To assist with creating realistic aircraft behaviour, some properties are set by the Traffic Manager during particular flight phases as follows

Property Description Type At Gate Taxiing Take-off Cruise Approach and Landing
gear/gear[0..5]/position-norm Gear Position double (interpolated over 10 seconds 1.0 1.0 0.0 (above 400ft) 0.0 1.0 (below 2000ft)
surface-positions/flap-pos-norm Flaps position double (interpolated over 20 seconds 0.0 0.0 0.5 (below 2000ft) 0.0 1.0 ( below 2000ft)
surface-positions/spoiler-pos-norm Spoiler position double 0.0 0.0 0.0 0.0 1.0 (on runway)
surface-positions/speedbrake-pos-norm Speedbrake position double 0.0 0.0 0.0 0.0 1.0 (below 2000ft)
controls/lighting/beacon Beacon bool false true true true true
controls/lighting/cabin-lights Cabin lights bool true true true false false
controls/lighting/landing-lights Landing lights bool false false false true true
controls/lighting/nav-lights Navigation lights bool false true true true true
controls/lighting/strobe Strobes bool false false true true true
controls/lighting/taxi-lights Taxi lights bool false true false false false

SIDs / STARs

SID is an acronym for Standard Instrument Departure. Likewise, STAR is an acronym for Standard Terminal Arrival Route. Directly after takeoff, in particular at busy airports, aircraft follow a standard flight path, that will keep them safely separated from arriving traffic, avoid ground obstructions, and also keeps traffic away from populated areas as much as possible. Currently, steps are in progress to allow FlightGear traffic to follow SIDs. Ultimately, the plan is to provide SID and STAR data in a format that can also be used by the user controlled Aircraft's Flight Management Computer. Currently, some sample data exist in the form of a PropertyList formatted XML file that contains a list of way points.

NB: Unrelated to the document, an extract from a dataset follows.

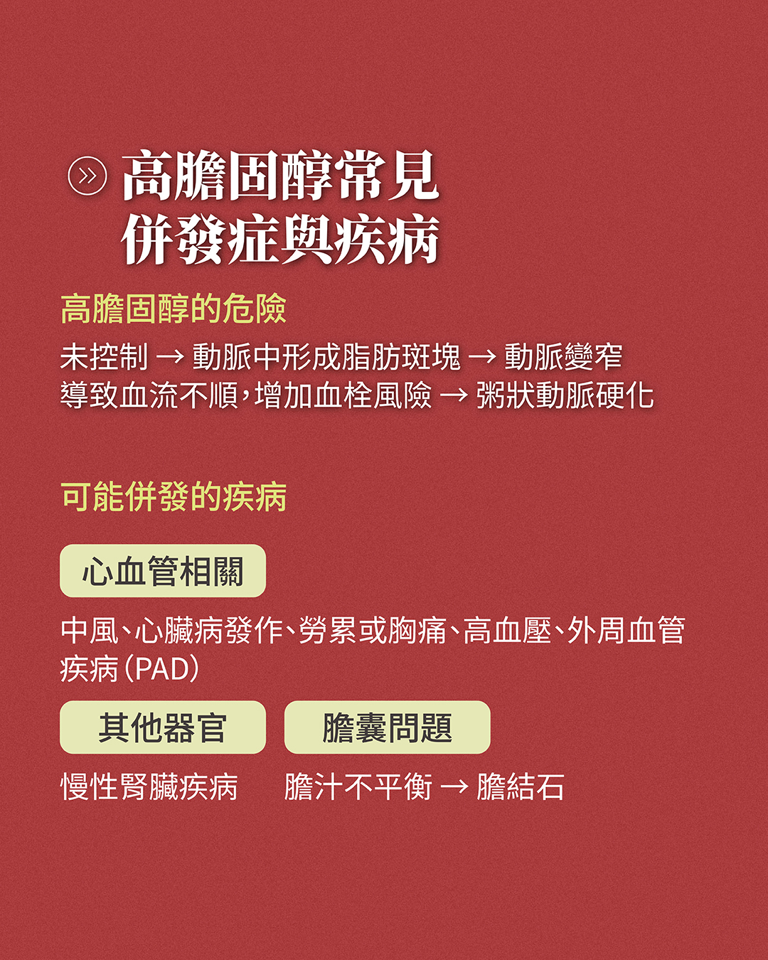 另外高膽固醇也會使膽汁不平衡,增加患膽結石的風險。以上這些嚴重的併發疾病就是為什麼我們應該要定期進行膽固醇檢測喔!!

This section of the AI Traffic documentation is meant as a stub that keeps track of the current development. At the moment of writing, some proof-of-concept data for EHAM SIDs will be committed to the World Scenery Repository, along with some experimental code in FlightGear to make use of this data. Note that this data is meant to be just that; a proof-of-concept. User contributions will be accepted as soon as the format has stabilized.

Appendix: Special Notes

Performance

With recent versions of FlightGear, we have much better performance than before so realistic density of traffic is currently possible even for slower computers. For those who are still afraid, there is an, as of yet, unpublished feature: set a new property "/sim/traffic-manager/proportion" to any value between 0 and 1 in your preferences.xml. During program start up, the traffic manager draws a random number (between 0 and 1) for each aircraft, and if that random number is smaller than the value specified in /sim/traffic-manager/proportion, the aircraft is added, otherwise it is discarded. In essence, only the specified proportion of aircraft will be loaded.

Unfortunately you can't change this at runtime yet, so you need a little bit trial and error! However, it should allow the combination of slower computers and dense traffic files.